A contemporary artist, mambeologist and researcher from the Muruymuina heartland in La Chorrera, Amazonas, Aimema Uai is a member of the White Crane (Eimen+) Clan. Her paintings are born from the ceremonies of her grandparents that took place in the mambeadero, where the counsel of the ancestors can be heard through a connection with sacred plants. She expresses this connection with her ancestral roots in each of her works: “Mambear before touching something” means to ask permission so that things go well, it is in this process through which she seeks the colors, symbols and visions she captures in her unique artworks. In 2003, she graduated from a Christian boarding school, where she learned Spanish as a second language, as well as other disciplines of Western education. She currently leads the Kanasto de Abundancia project together with Leo Fiagama (Ey+ago).

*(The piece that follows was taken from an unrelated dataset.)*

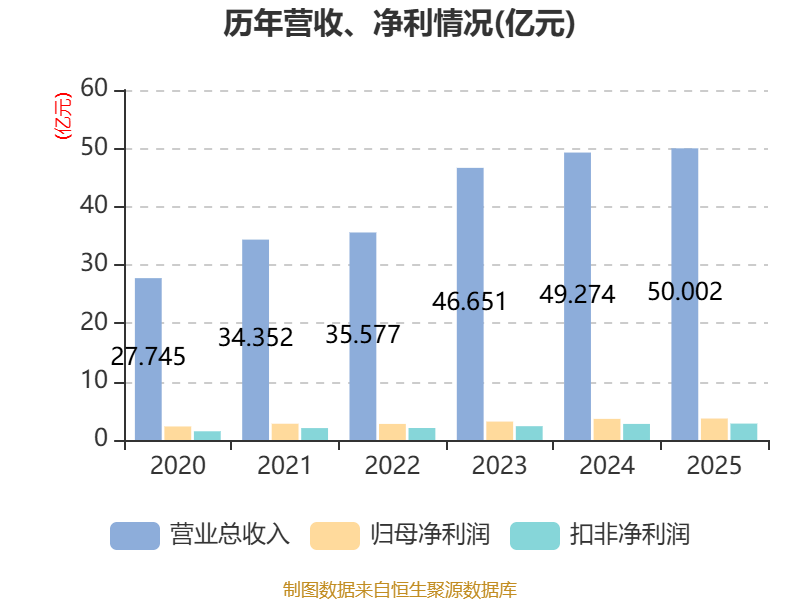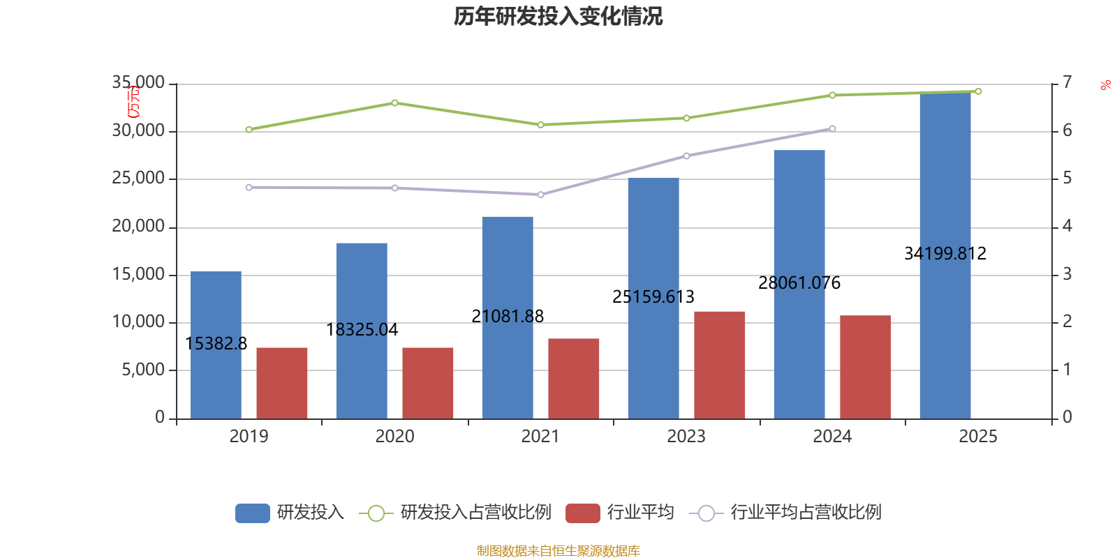 2025年全年,公司研发投入金额为3.42亿元,同比增长21.88%;研发投入占营业收入比例为6.84%,相比上年同期上升0.08个百分点。

THE RESISTANCE OF ANANEKO OVER TIME: PAINTING THROUGH MAMBEADERO

The house of life (Ananeko) contains the strength needed to care for the world. Its four pillars are the forces for directing man’s thoughts, it is where the most important ceremonies and rituals are performed and it is the place of mambeadero. Mambeando, dialogues are written and woven that are shared and then put into practice, in the presence of mother Koka alongside Tabaco, medicines that help us to find balance and stay true to our roots. Although many peoples have been subjected to cultural and spiritual extermination, the spirit of the mother Koka is kept alive alongside those who care for her, providing knowledge for learning and unlearning. Painting through mambeadero means acknowledging our origins, knowing who we are and where we come from, it means caring for the word, keeping our mother tongue alive, questioning ourselves and embracing our identity. Mambeadero is the basis of our education and knowledge, but mental colonization has distanced ourselves from this source. It is time to direct our thought toward the house of life, to rethink, reflect and reposition our way of seeing the four directions. Reconnecting with Ananeko through the arts means reconciling ourselves with it through thought and opening up paths to recovering what we have left behind.